You are viewing a plain text version of this content. The canonical link for it is here.
Posted to user@spark.apache.org by Jason Xu <ja...@gmail.com> on 2022/05/18 15:00:00 UTC
Spark 3 migration question
Hi Spark user group,
Spark 2.4 to 3 migration for existing Spark jobs seems a big challenge
given a long list of changes in migration guide
<https://spark.apache.org/docs/latest/sql-migration-guide.html#upgrading-from-spark-sql-24-to-30>,
they could introduce failures or output changes related to behavior changes
in Spark 3. This makes the migration risky if we don't identify and fix
changes in the migration guide.
However, the guide is a bit high level.
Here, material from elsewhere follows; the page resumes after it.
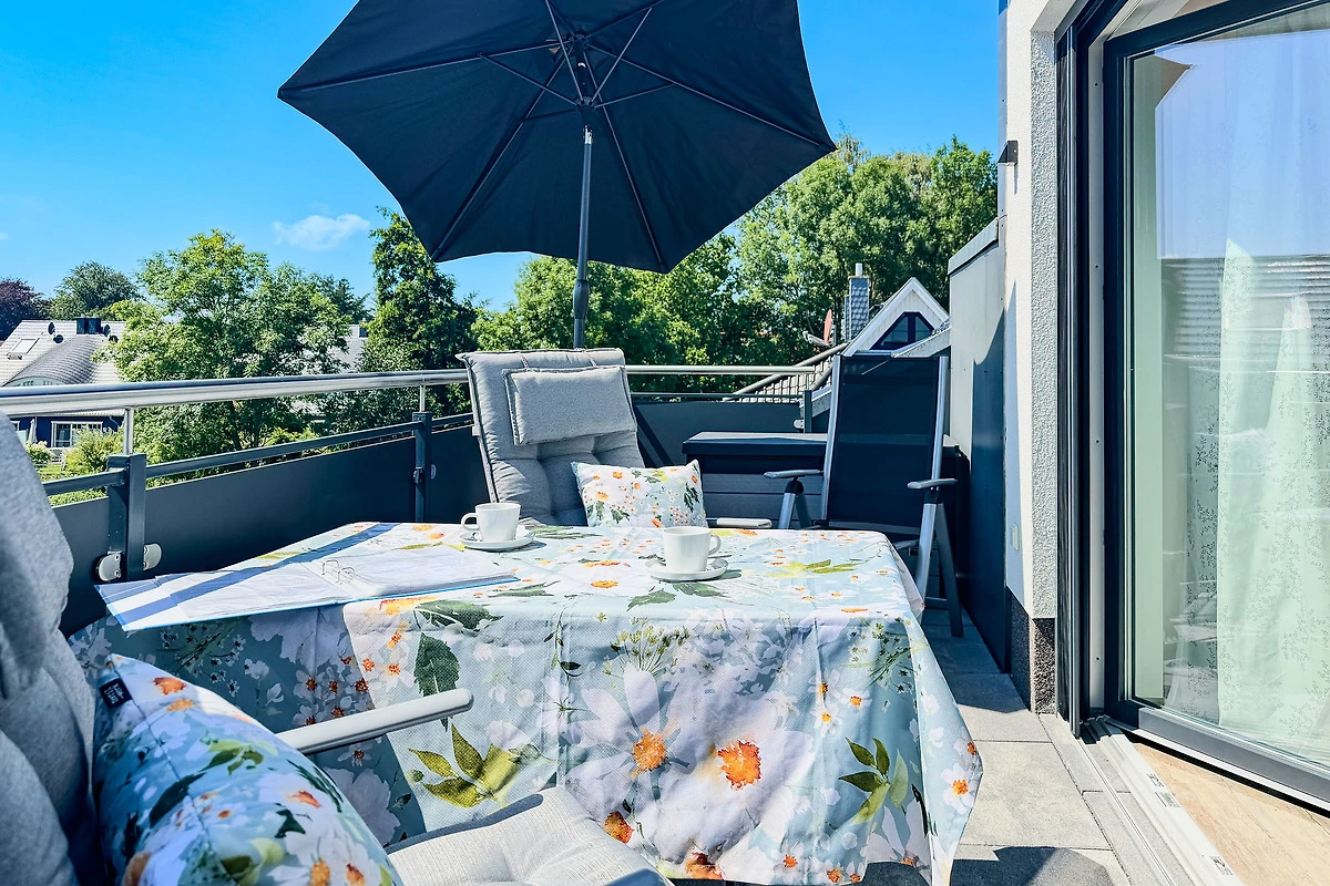 Privater Balkon: Möbliert mit Gartenmöbeln und Sonnenschirm – ideal für entspannte Stunden an der frischen Ostseeluft.

For some items in the guide, I
don't know how to use an example query/job to compare behavior between 2.4
and 3.x. A specific example:
- In Spark version 2.4 and below, you can create map values with map
type key via built-in function such as CreateMap, MapFromArrays, etc. In
Spark 3.0, it’s not allowed to create map values with map type key with
these built-in functions. Users can use map_entries function to convert map
to array<struct<key, value» as a workaround. In addition, users can still
read map values with map type key from data source or Java/Scala
collections, though it is discouraged.
Does anyone have an example to illustrate what this item is about?
Also, I'm curious if anyone has done, or is doing large scale Spark 2.4 to
3.x migration? What's your experience in handling the long list of
breaking changes?
Thanks,
Jason Xu